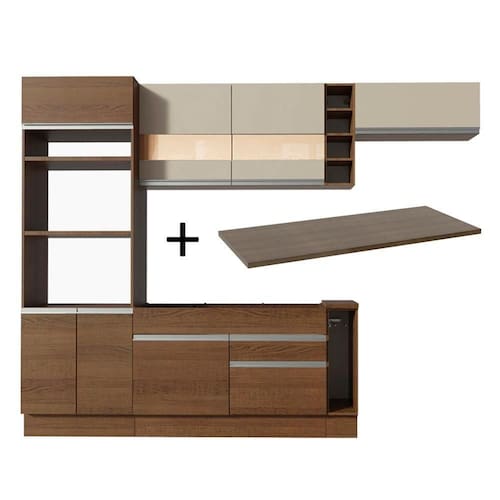 O balcão maior comporta pias de 120 cm x 52 cm e acompanha tampo em MDP no padrão amadeirado Rustic. Já o balcão menor segue com tampo de 80 cm x 52 cm que pode ser recortado para a colocação do cooktop. Todos os módulos inferiores possuem também pés reguláveis e rodapé removível. A torre possui espaço para forno e micro-ondas e permite a instalação de forno embutido.
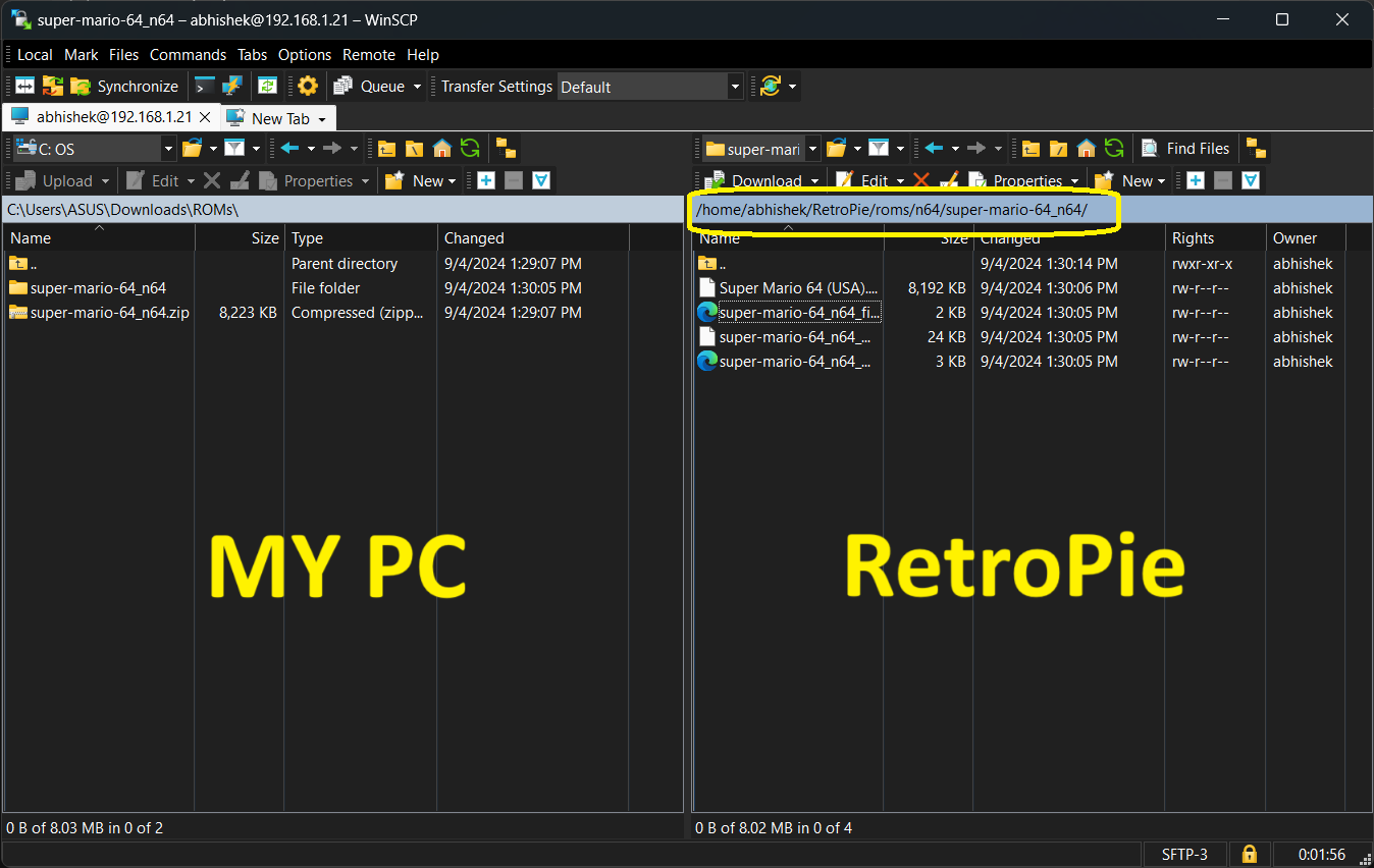 Here I’m using WinSCP to transfer my ROMs using SFTP:
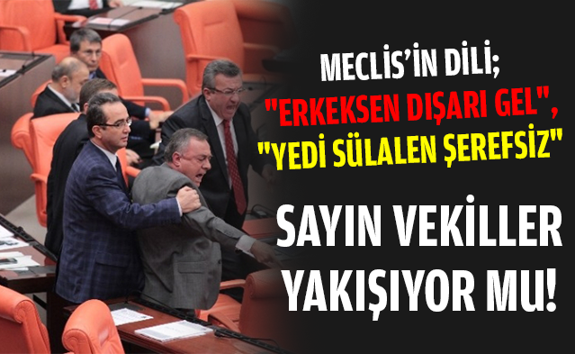 TBMM Genel Kurulu’nda birbirlerinin üzerine yürüyen CHP’li ve AKP’li milletvekillerinin tartışmasında hakaretler havada uçuşurken, “Erkeksen dışarı gel”, “Yedi sülalen şerefsiz” gibi tehditkar cümleler duyuldu. Meclis’te yaşanan gerginliğin ardından oturuma ara verildi.
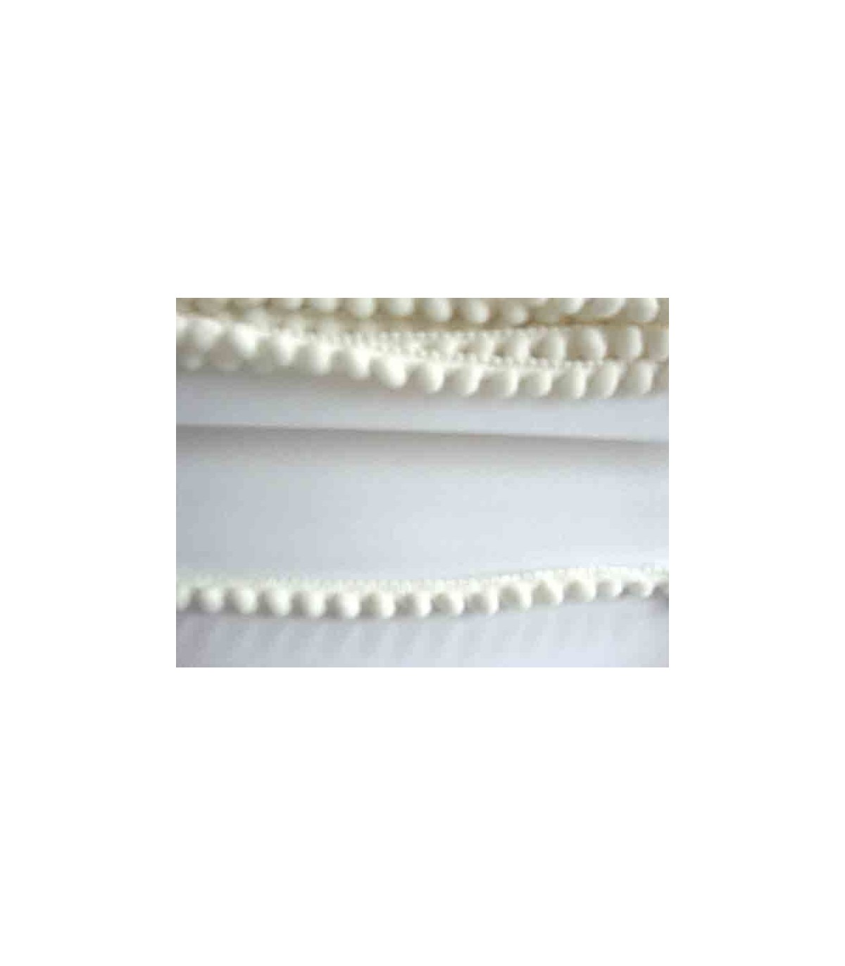 Smal pompom sierband Offwhite. De bolletjes hebben een doorsnee van zo'n 8 mm.
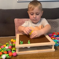 Le plateau double face offre une matrice de perles pour trier et insérer ainsi qu’un potager avec cartes pour jouer au memory. Les enfants alternent facilement les activités et entraînent différentes compétences.
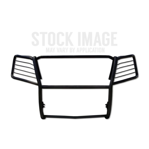 Heavy duty one piece construction, pre-drilled holes for auxiliary lights, protective rubber strips, frame mounted upper brackets, 1 1/2" tubing and removable headlight guards. Black semi-gloss powdercoat finish with a 3 year warranty
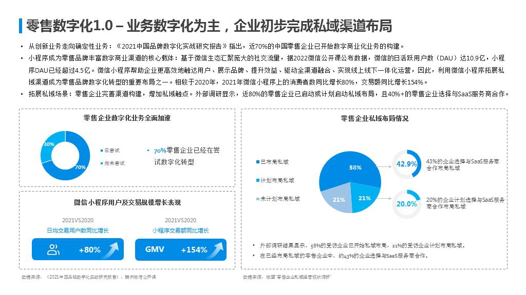 与此同时,在流量红利见顶、拉新获客成本高企的情况下,“私域” 成为品牌在布局数字商业时性价比较高的选择。《报告》数据显示,58% 的受访企业已开始布局私域,21% 的受访企业计划布局私域。在已经布局私域的零售企业中,约 43% 的企业选择与 SaaS 服务商合作。
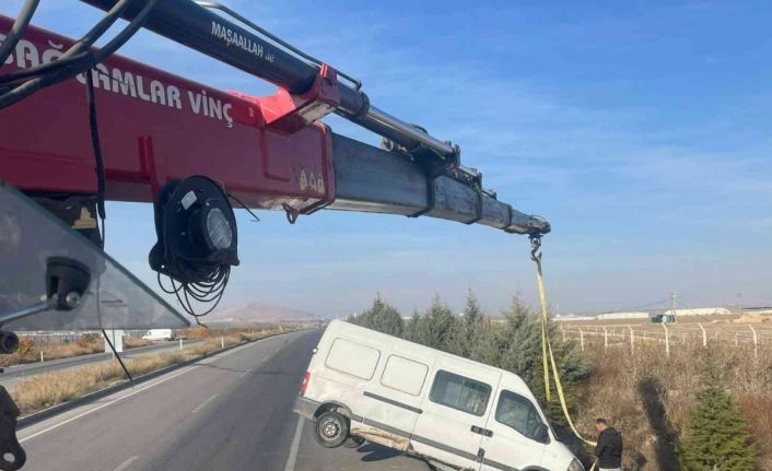 Afyonkarahisar’ın Emirdağ ilçesinde kontrolden çıkan minibüs yol kenarındaki bariyerlere çıkıp, askıda kalarak durabildi. Ölen ya da yaralananın olmadığı kazada minibüsün bariyerlerin üstündeki görüntüsü ise ilginç bir manzara oluşturdu.

### TASK BRIEF
Reprint the whole listing above exactly, taking out the pictures.

### WORKED SOLUTION
 O balcão maior comporta pias de 120 cm x 52 cm e acompanha tampo em MDP no padrão amadeirado Rustic. Já o balcão menor segue com tampo de 80 cm x 52 cm que pode ser recortado para a colocação do cooktop. Todos os módulos inferiores possuem também pés reguláveis e rodapé removível. A torre possui espaço para forno e micro-ondas e permite a instalação de forno embutido.
 Here I’m using WinSCP to transfer my ROMs using SFTP:
 TBMM Genel Kurulu’nda birbirlerinin üzerine yürüyen CHP’li ve AKP’li milletvekillerinin tartışmasında hakaretler havada uçuşurken, “Erkeksen dışarı gel”, “Yedi sülalen şerefsiz” gibi tehditkar cümleler duyuldu. Meclis’te yaşanan gerginliğin ardından oturuma ara verildi.
 Smal pompom sierband Offwhite. De bolletjes hebben een doorsnee van zo'n 8 mm.
 Le plateau double face offre une matrice de perles pour trier et insérer ainsi qu’un potager avec cartes pour jouer au memory. Les enfants alternent facilement les activités et entraînent différentes compétences.
 Heavy duty one piece construction, pre-drilled holes for auxiliary lights, protective rubber strips, frame mounted upper brackets, 1 1/2" tubing and removable headlight guards. Black semi-gloss powdercoat finish with a 3 year warranty
 与此同时,在流量红利见顶、拉新获客成本高企的情况下,“私域” 成为品牌在布局数字商业时性价比较高的选择。《报告》数据显示,58% 的受访企业已开始布局私域,21% 的受访企业计划布局私域。在已经布局私域的零售企业中,约 43% 的企业选择与 SaaS 服务商合作。
 Afyonkarahisar’ın Emirdağ ilçesinde kontrolden çıkan minibüs yol kenarındaki bariyerlere çıkıp, askıda kalarak durabildi. Ölen ya da yaralananın olmadığı kazada minibüsün bariyerlerin üstündeki görüntüsü ise ilginç bir manzara oluşturdu.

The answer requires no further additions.